Directions:
Leave out the pictures and copy the remaining records exactly.

[Source records]

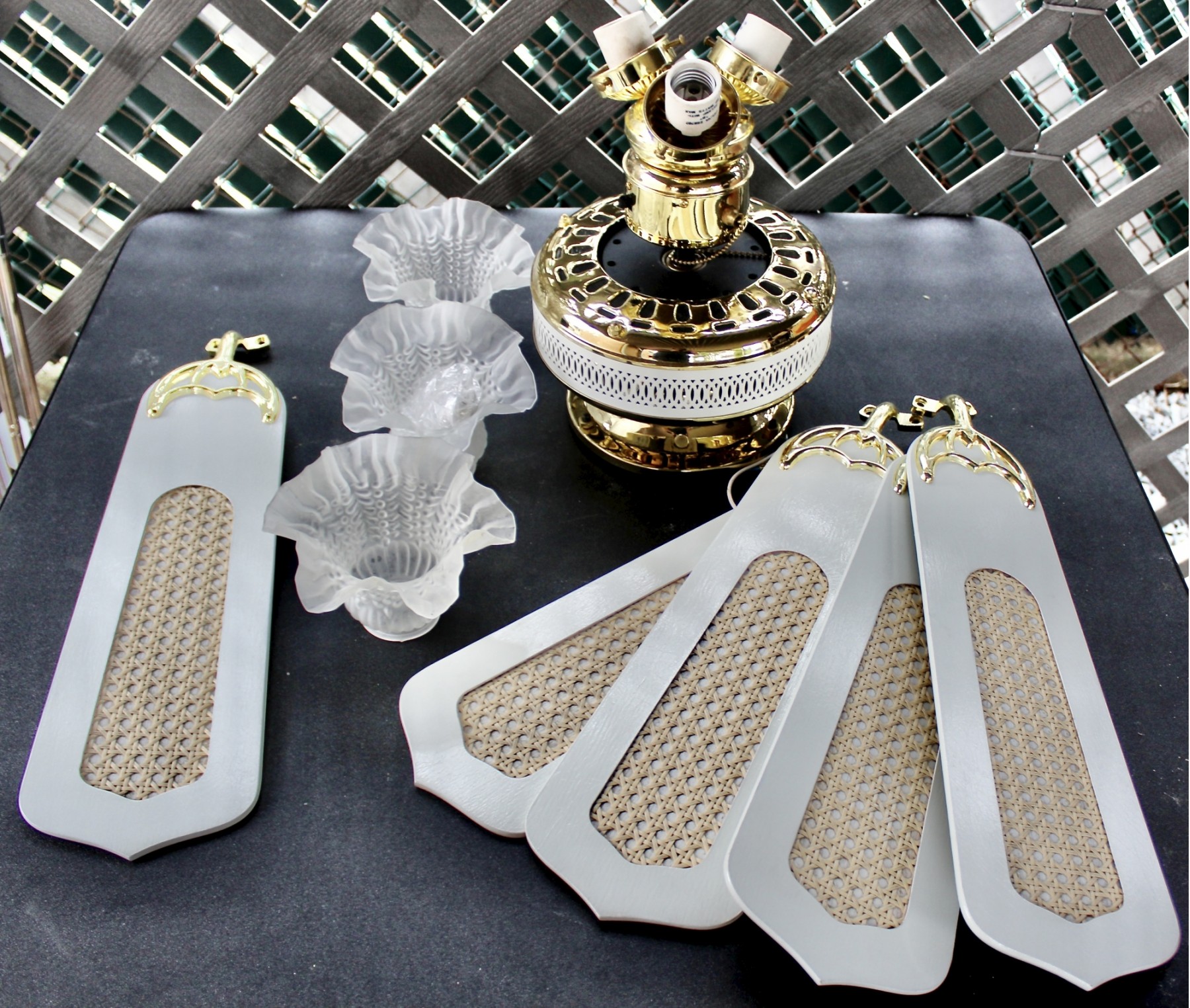 SELENA White Ceiling Fan - Accented W/ Rattan - Extra Light Globe Included - GREAT LOT!!
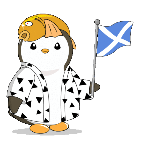 A cute Pudgy Penguin character, wearing a fish hat and kimono, proudly waves the blue and white Scottish flag.
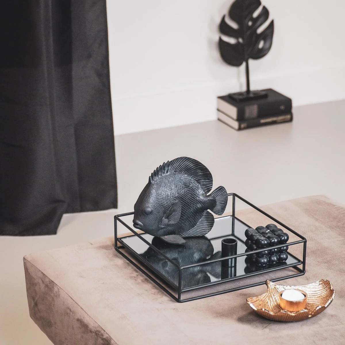 Geef je interieur een krachtige, moderne uitstraling met deze zwarte vis decoratie van Housevitamin. Met zijn strakke lijnen en matte afwerking is dit polyresin beeldje een echte blikvanger β ideaal voor een minimalistische of industriΓ«le setting.
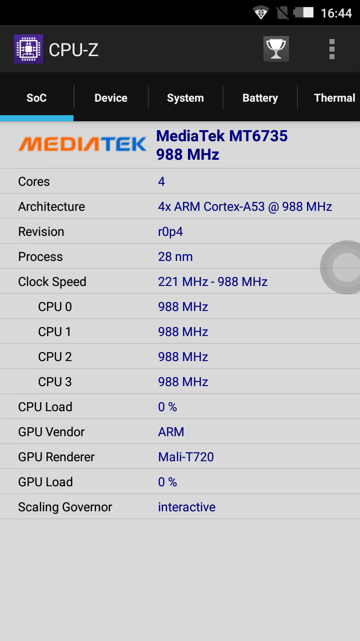 Oukitel K10000 – информация о системе и «железе» по данным приложения CPU-Z
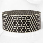 Our Bone Inlaid Round Coffee Table’s intricate honeycomb pattern is inlaid by hand for a modern take on traditional techniques. We rounded things out with a circular tabletop that smooths out its geometric edges and offers a place to put up your feet in style.
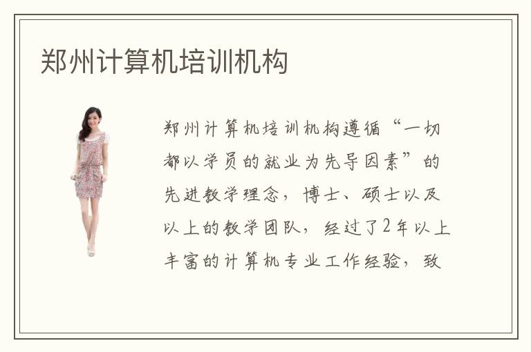 鄭州計算機培訓計算機培訓機構(gòu)遵循“一切都以學員的就業(yè)為先導因素”的先進教學理念,博士、碩士以及以上的教學團隊,經(jīng)過了2年以上豐富的計算機專業(yè)工作經(jīng)驗,致力于打造一支精英計算機專業(yè)授課團隊。針對計算機基礎的不同,采用多種教學方式因材施教,開設計算機基礎培訓班以及計算機提升培訓班,用更快更好更適合自己學習的方法,高效率的完成計算機專業(yè)的學習。
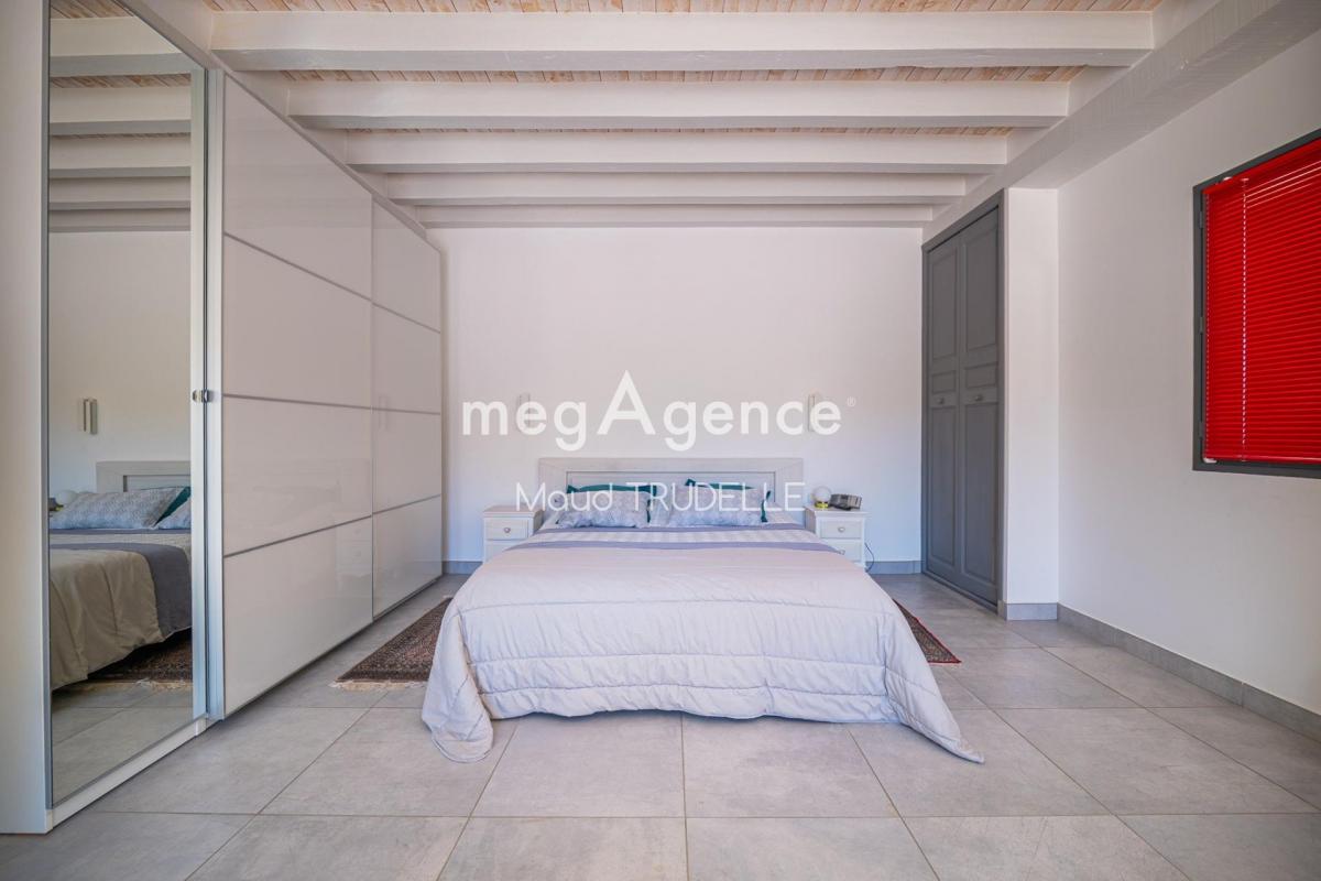Sur plus de 200 m², la maison principale dispose d'une belle pièce de vie avec cuisine ouverte, 5 chambres, 2 salles de bains, 2 petits salons et une salle de sport en mezzanine sur la piscine intérieure.

[/Source records]

Written answer:
 SELENA White Ceiling Fan - Accented W/ Rattan - Extra Light Globe Included - GREAT LOT!!
 A cute Pudgy Penguin character, wearing a fish hat and kimono, proudly waves the blue and white Scottish flag.
 Geef je interieur een krachtige, moderne uitstraling met deze zwarte vis decoratie van Housevitamin. Met zijn strakke lijnen en matte afwerking is dit polyresin beeldje een echte blikvanger β ideaal voor een minimalistische of industriΓ«le setting.
 Oukitel K10000 – информация о системе и «железе» по данным приложения CPU-Z
 Our Bone Inlaid Round Coffee Table’s intricate honeycomb pattern is inlaid by hand for a modern take on traditional techniques. We rounded things out with a circular tabletop that smooths out its geometric edges and offers a place to put up your feet in style.
 鄭州計算機培訓計算機培訓機構(gòu)遵循“一切都以學員的就業(yè)為先導因素”的先進教學理念,博士、碩士以及以上的教學團隊,經(jīng)過了2年以上豐富的計算機專業(yè)工作經(jīng)驗,致力于打造一支精英計算機專業(yè)授課團隊。針對計算機基礎的不同,采用多種教學方式因材施教,開設計算機基礎培訓班以及計算機提升培訓班,用更快更好更適合自己學習的方法,高效率的完成計算機專業(yè)的學習。
Sur plus de 200 m², la maison principale dispose d'une belle pièce de vie avec cuisine ouverte, 5 chambres, 2 salles de bains, 2 petits salons et une salle de sport en mezzanine sur la piscine intérieure.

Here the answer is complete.